_Description of the task:_ Using the records that follow, reproduce exactly the lines starting at the line containing "如果擔心棉麻質感的連衣裙,穿" and ending at the line containing "Create easily legible". Include both end lines and no pictures.

---------- Input ----------

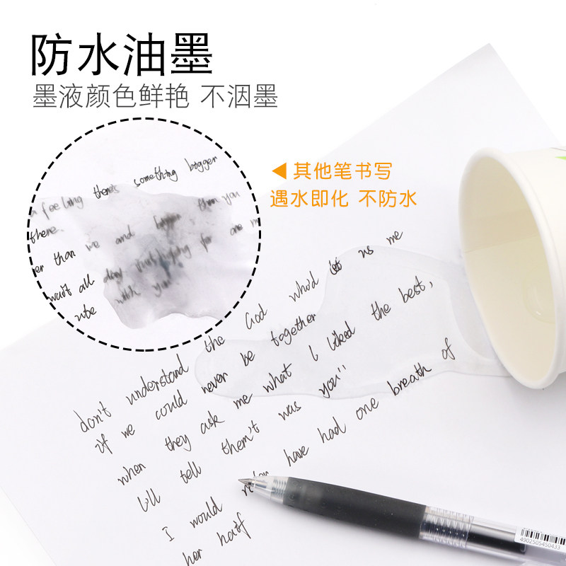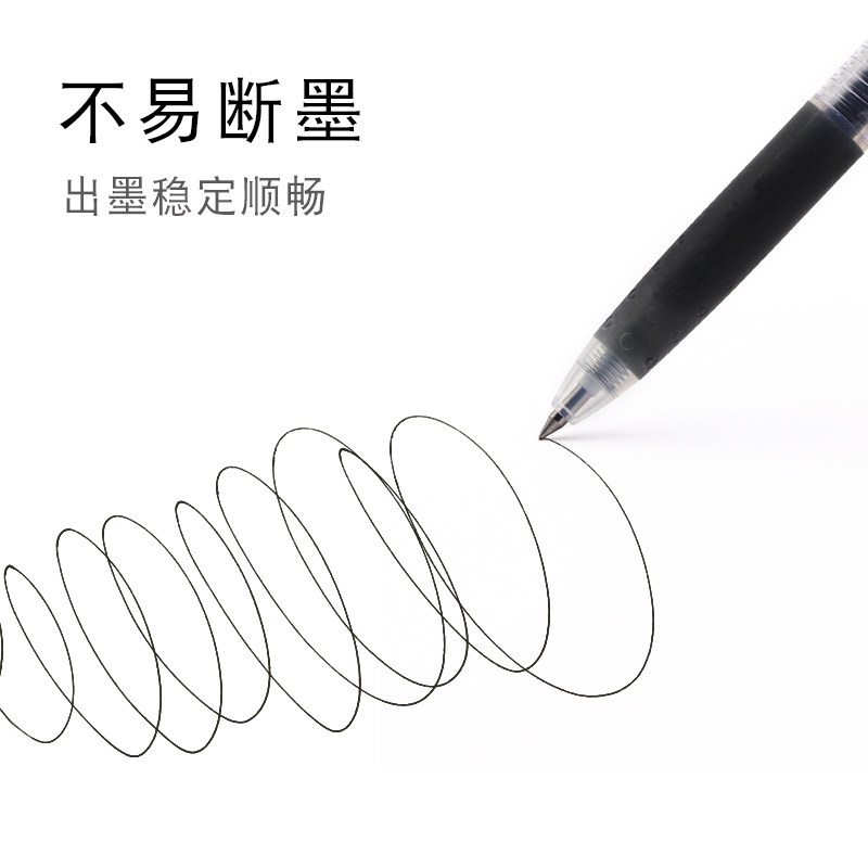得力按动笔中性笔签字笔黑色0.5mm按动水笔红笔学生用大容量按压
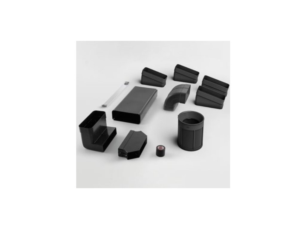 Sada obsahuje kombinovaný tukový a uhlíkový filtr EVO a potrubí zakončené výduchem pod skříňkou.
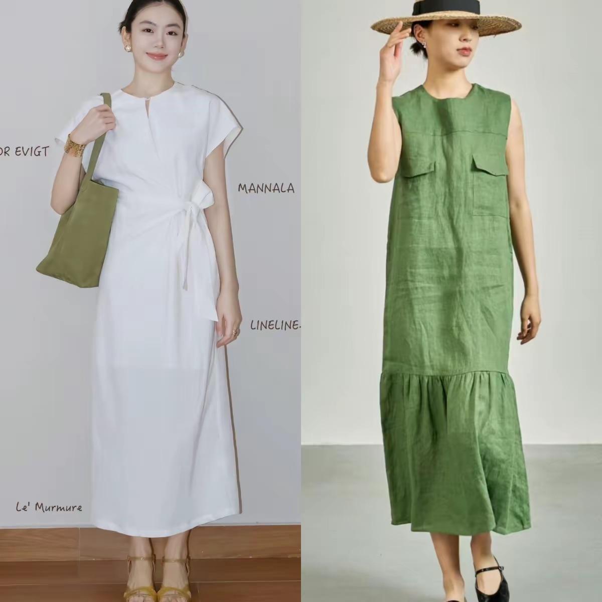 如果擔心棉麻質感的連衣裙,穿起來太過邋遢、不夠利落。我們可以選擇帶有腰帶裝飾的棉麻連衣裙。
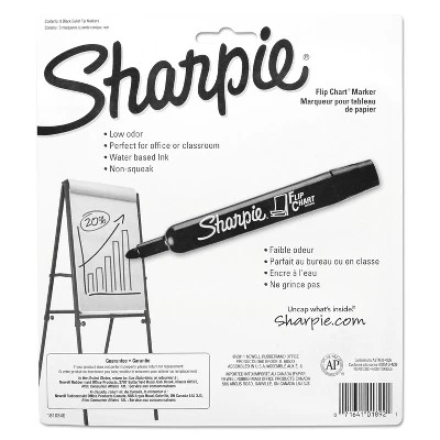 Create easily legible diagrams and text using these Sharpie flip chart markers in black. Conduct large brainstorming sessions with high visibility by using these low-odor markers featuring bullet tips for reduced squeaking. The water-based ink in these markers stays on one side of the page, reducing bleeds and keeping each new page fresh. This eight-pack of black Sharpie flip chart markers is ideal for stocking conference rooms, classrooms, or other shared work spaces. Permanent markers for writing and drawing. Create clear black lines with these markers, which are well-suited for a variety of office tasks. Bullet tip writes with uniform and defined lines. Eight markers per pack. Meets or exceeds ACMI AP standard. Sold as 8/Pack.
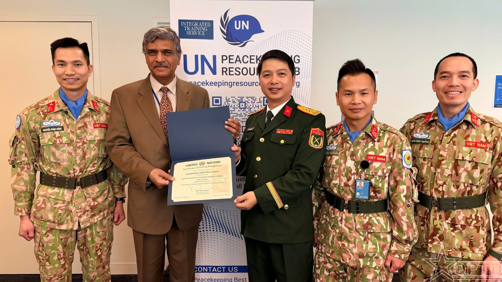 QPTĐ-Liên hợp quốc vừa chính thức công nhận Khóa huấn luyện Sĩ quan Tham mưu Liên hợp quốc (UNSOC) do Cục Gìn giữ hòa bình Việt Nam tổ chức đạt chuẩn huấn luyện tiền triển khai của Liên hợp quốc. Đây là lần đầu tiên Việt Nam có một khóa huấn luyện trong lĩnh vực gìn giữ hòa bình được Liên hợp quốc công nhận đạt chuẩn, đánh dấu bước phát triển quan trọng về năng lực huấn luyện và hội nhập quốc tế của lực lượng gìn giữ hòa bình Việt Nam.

----------
---------- Input ----------

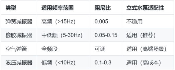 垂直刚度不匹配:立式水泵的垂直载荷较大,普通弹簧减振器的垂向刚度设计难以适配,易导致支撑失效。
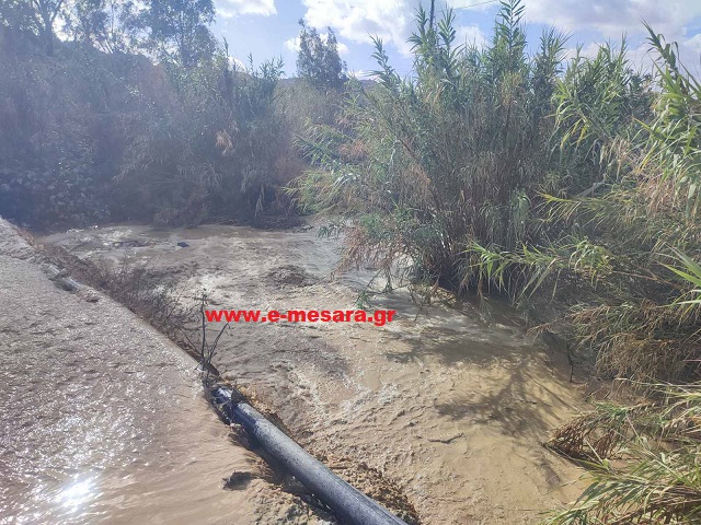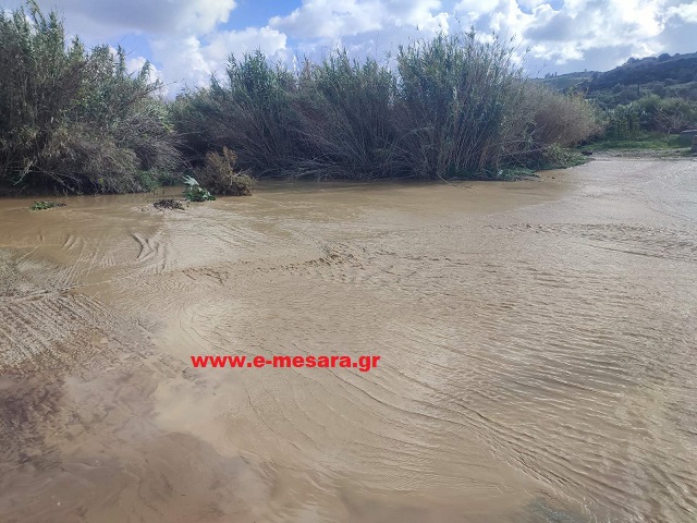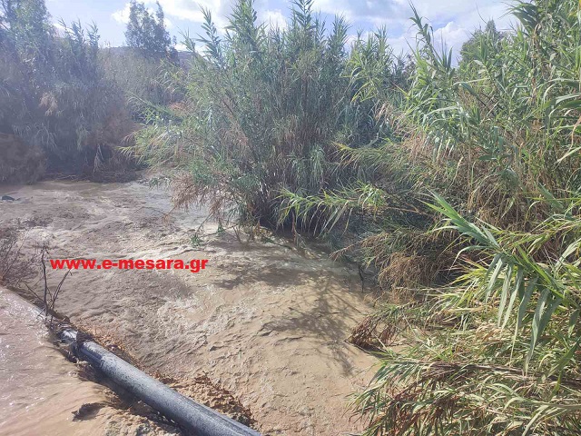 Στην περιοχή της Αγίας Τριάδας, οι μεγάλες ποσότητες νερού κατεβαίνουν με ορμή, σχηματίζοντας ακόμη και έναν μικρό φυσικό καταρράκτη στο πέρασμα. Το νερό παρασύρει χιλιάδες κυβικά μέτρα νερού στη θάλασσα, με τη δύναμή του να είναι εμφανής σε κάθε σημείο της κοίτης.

----------

_Solution to the problem:_
 如果擔心棉麻質感的連衣裙,穿起來太過邋遢、不夠利落。我們可以選擇帶有腰帶裝飾的棉麻連衣裙。
 Create easily legible diagrams and text using these Sharpie flip chart markers in black. Conduct large brainstorming sessions with high visibility by using these low-odor markers featuring bullet tips for reduced squeaking. The water-based ink in these markers stays on one side of the page, reducing bleeds and keeping each new page fresh. This eight-pack of black Sharpie flip chart markers is ideal for stocking conference rooms, classrooms, or other shared work spaces. Permanent markers for writing and drawing. Create clear black lines with these markers, which are well-suited for a variety of office tasks. Bullet tip writes with uniform and defined lines. Eight markers per pack. Meets or exceeds ACMI AP standard. Sold as 8/Pack.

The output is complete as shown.